One in five millennials are lonely and have 'no friends' - laurex
https://nypost.com/2019/08/02/1-in-5-millennials-are-lonely-and-have-no-friends-survey/
======
lawlorino
> “Here’s the bottom line: Using less social media than you normally would
> leads to significant decreases in both depression and loneliness,” says
> study author Melissa Hunt.

Maybe their words were taken out of context, but the study this refers to was
done on a group of undergraduates [0] so besides it being, in my opinion, an
overly simplistic solution, I'd be hesitant to draw this out to the wider
population. This is especially apparent when looking at the YouGov poll stats
where there's clearly a lot of different reasons why people feel they cannot
make friends.
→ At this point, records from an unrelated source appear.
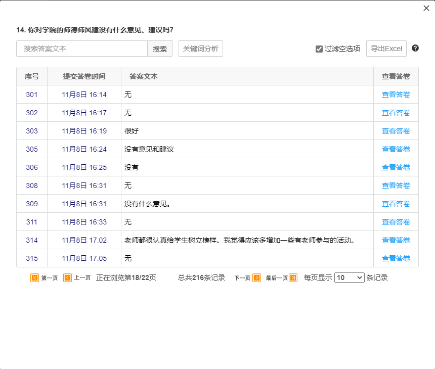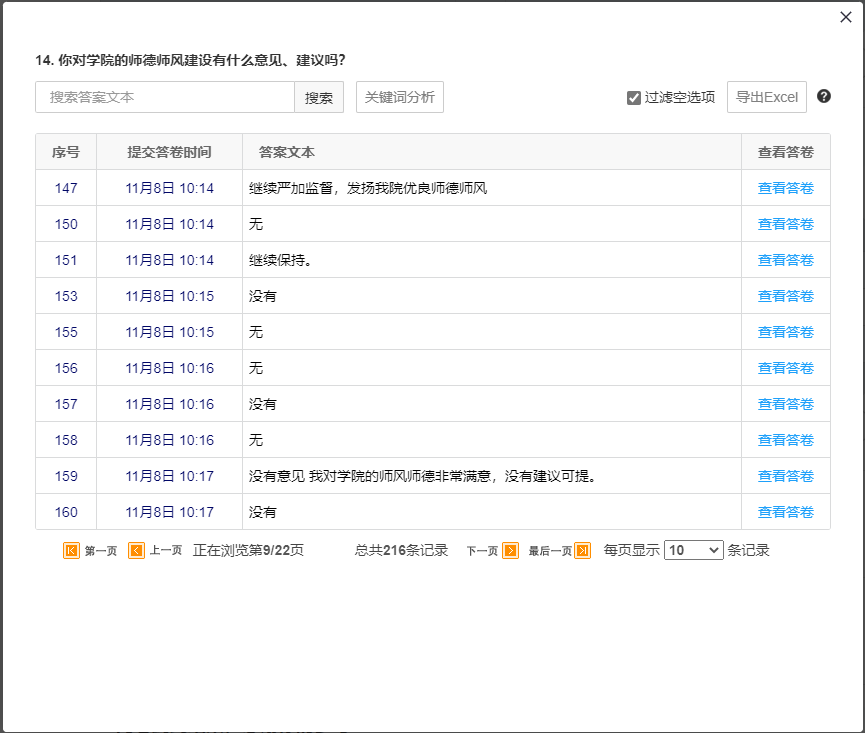 ——开展主题活动,推动建设工作。一是为大力弘扬劳模精神、劳动精神和工匠精神,充分发挥教学技能比赛在提高教师队伍素质中的示范引领作用,进一步提高学院青年教师教学能力,夯实青年教师教学基本功,提升课堂教学质量,学院举办了学院青年教师教学技能大赛院赛。二是面向全院学生开展了师德师风网上问卷调查,听取学生对师德师风建设的意见。三是召开学生代表座谈会,听取学生对学院师德师风建设的意见和建议,以及对学院学生管理、教学管理等各方面的建议,提升学院整体管理水平。
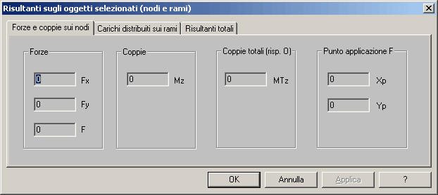 Questo dialogo serve a listare le risultanti delle forze e coppie applicate sui nodi selezionati (e in questo caso ha il nome “Forze e coppie sui nodi”); le risultanti dei carichi distribuiti applicati ai rami selezionati (e in questo caso ha il nome “Carichi distribuiti sui rami”); le risultanti complessive sui nodi ed i rami selezionati (ed in questo caso ha il nome “Risultanti totali”).
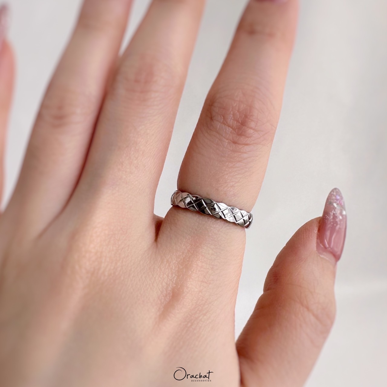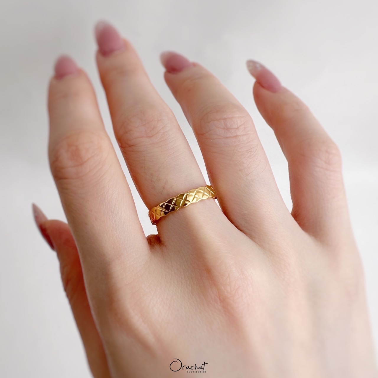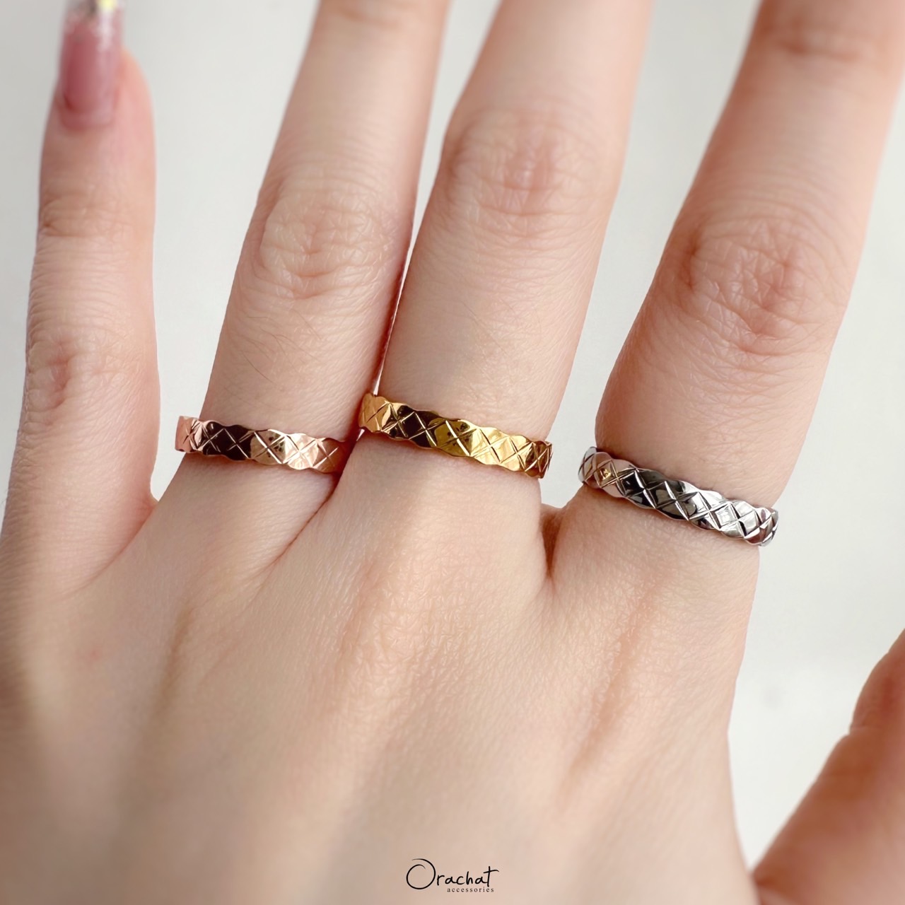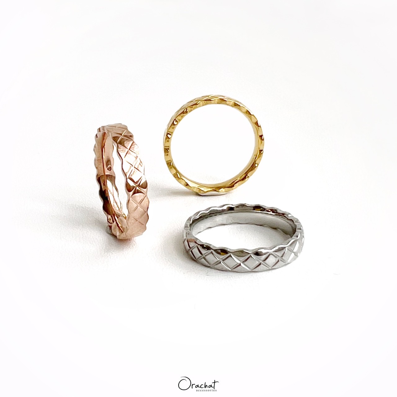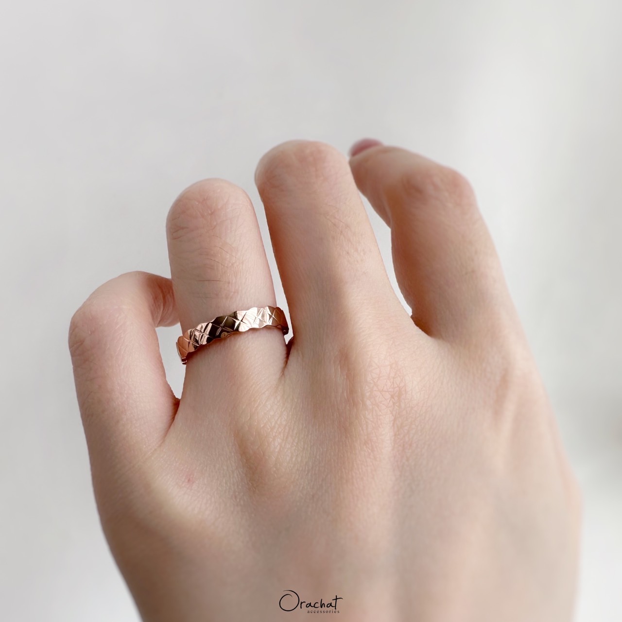 เรียบ หรู ดูดี และมีสไตล์ แหวนเกลี้ยงลายตารางบากฟีลเหมือนลายของกระเป๋าที่เย็บคาดกัน สวยเก๋ทีเทสสุดๆ รุ่นนี้หน้าตาจะคล้ายๆรุ่น Taylor นะคะแต่จะบางกว่า
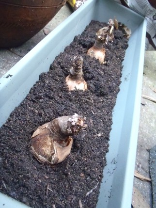 イギリスの実家の方で見事な花を咲かせていたいくつかの植物の球根や根を持って帰って
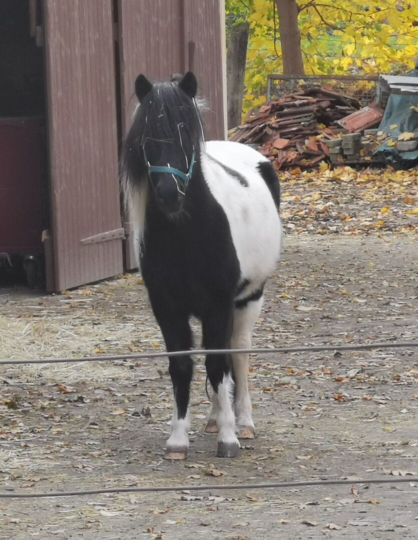 De zwart-witte pinto-merrie is twee jaar door onze 10-jarige dochter bereden. Ze heeft deelgenomen aan paardrijlessen en ponyspelletjes met haar gespeeld. Zwiebel loopt veilig alleen en in een groep in de wei. Zwiebel is ingereden en loopt volgens de vorige eigenaar goed voor de wagen. Dit hebben we nooit geprobeerd. Ze doet het goed op wandelingen, longeren, grooming en bij de hoefsmid. Soms heeft ze een typisch ponyhoofd. Zwiebel moet gereden worden door een kind met rijervaring. Ze is geen beginnerspony.
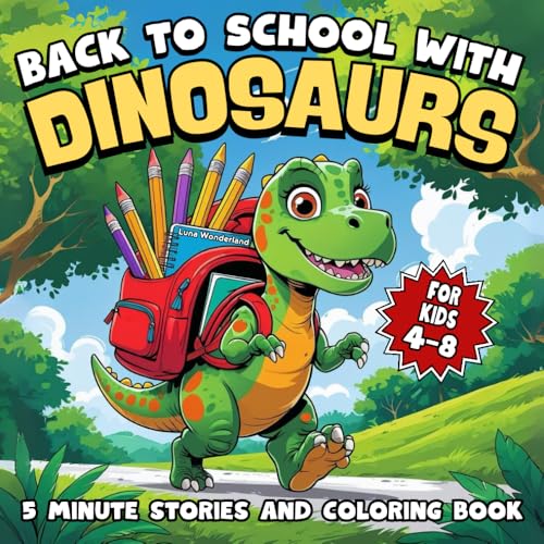 Back to School with Dinosaurs 5 Minute Stories and Coloring Book for Kids 4–8: 30 fun illustrations with inspiring school stories about friendship hobbies and dino life
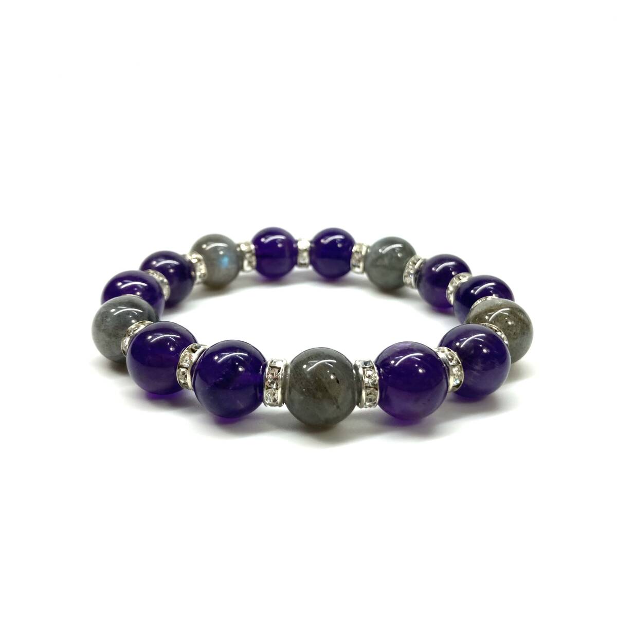 ラブラドライト&アメジスト パワーストーン ブレスレット 天然石ブレス (シルバー) 12mm メンズ・レディース 男性 女性 幸運 数珠ブレス
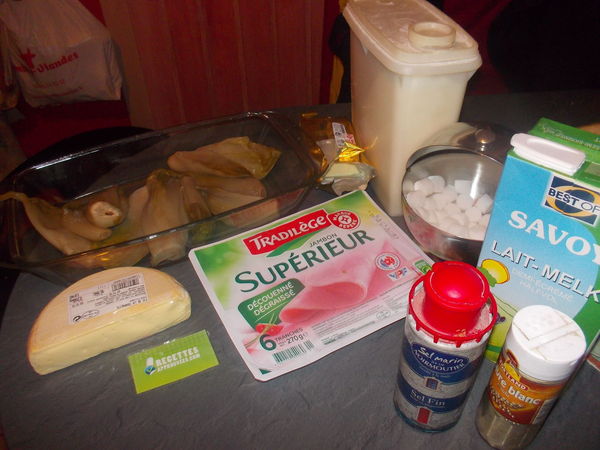 - 1 paquet de jambon cuit (6 à 8 tranches selon le nombre d'endives)
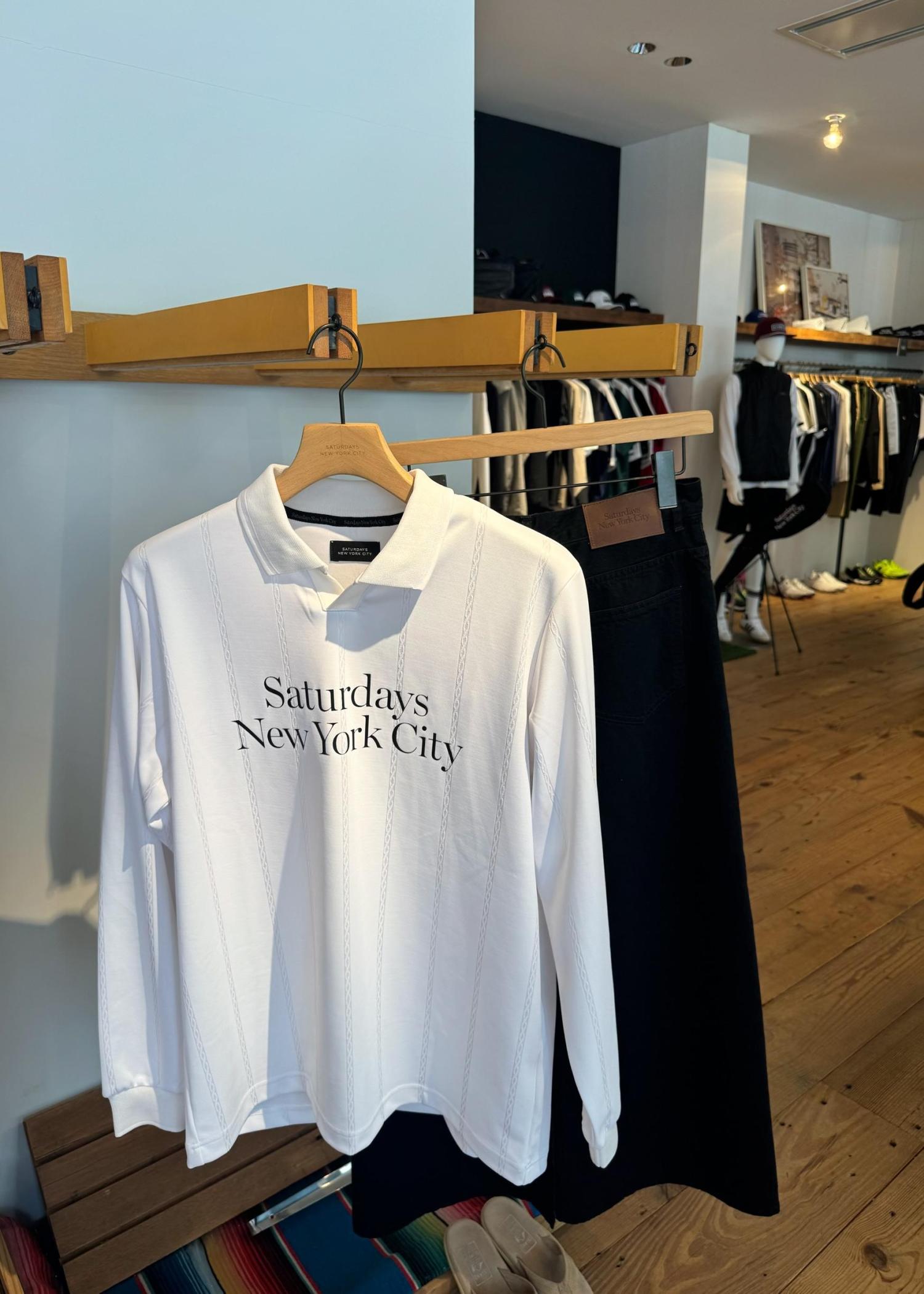 「Saturdays NYC」のロゴがアクセントになり、あえて街着として取り入れることで、シティカジュアルにアップデート⭐︎
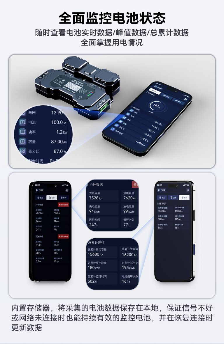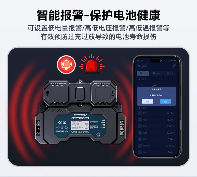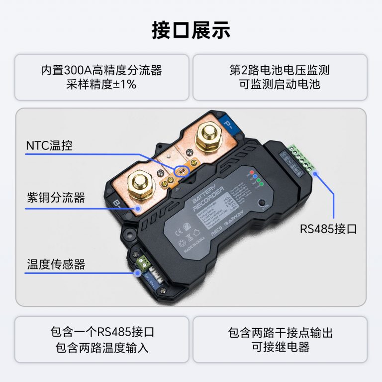 RECS采集模块详情展示 RECS内置采样电池信息采集模块 RECS为高性能电池数据采集模块,内置300A高精度采样器。 支持蓝牙/WiFi/4G等 内置300A采样器 历史数据存储/输出/导出 可各种应用场景搭配使用 RS485/UART通讯 两路控制输出 私有协议,高效通讯 产品详情展示
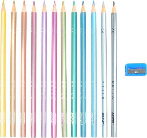 Popis pastelky BRILO 12 ks Metalické triangular s ořezávátkem 6300625
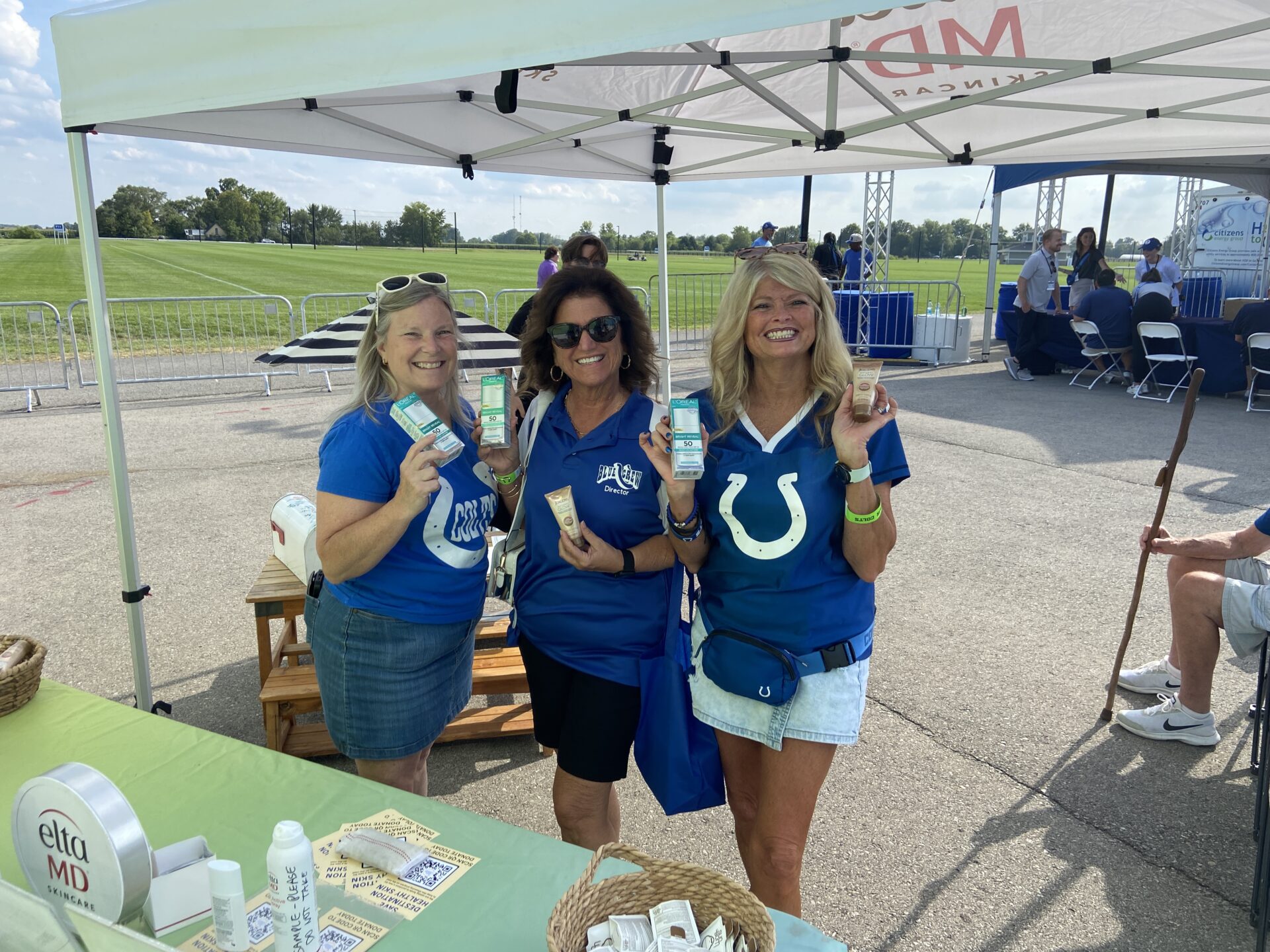 - Colts-Fans zeigen die Sonnenschutzproben, die sie bei unserer Veranstaltung in Indianapolis gekauft haben.

This is not to say that overuse of social media is not
problematic.

I'd be interested to see how this varies by country - loneliness is something
I've struggled with a lot in my life as I've moved city/country many times and
never lived in the US. I've found each place differs a lot in how easy or
difficult it is to make friends and acquaintances, although this could be
because I'm at different stages in my life when I've moved.

[0]
[https://guilfordjournals.com/doi/abs/10.1521/jscp.2018.37.10...](https://guilfordjournals.com/doi/abs/10.1521/jscp.2018.37.10.751?journalCode=jscp&)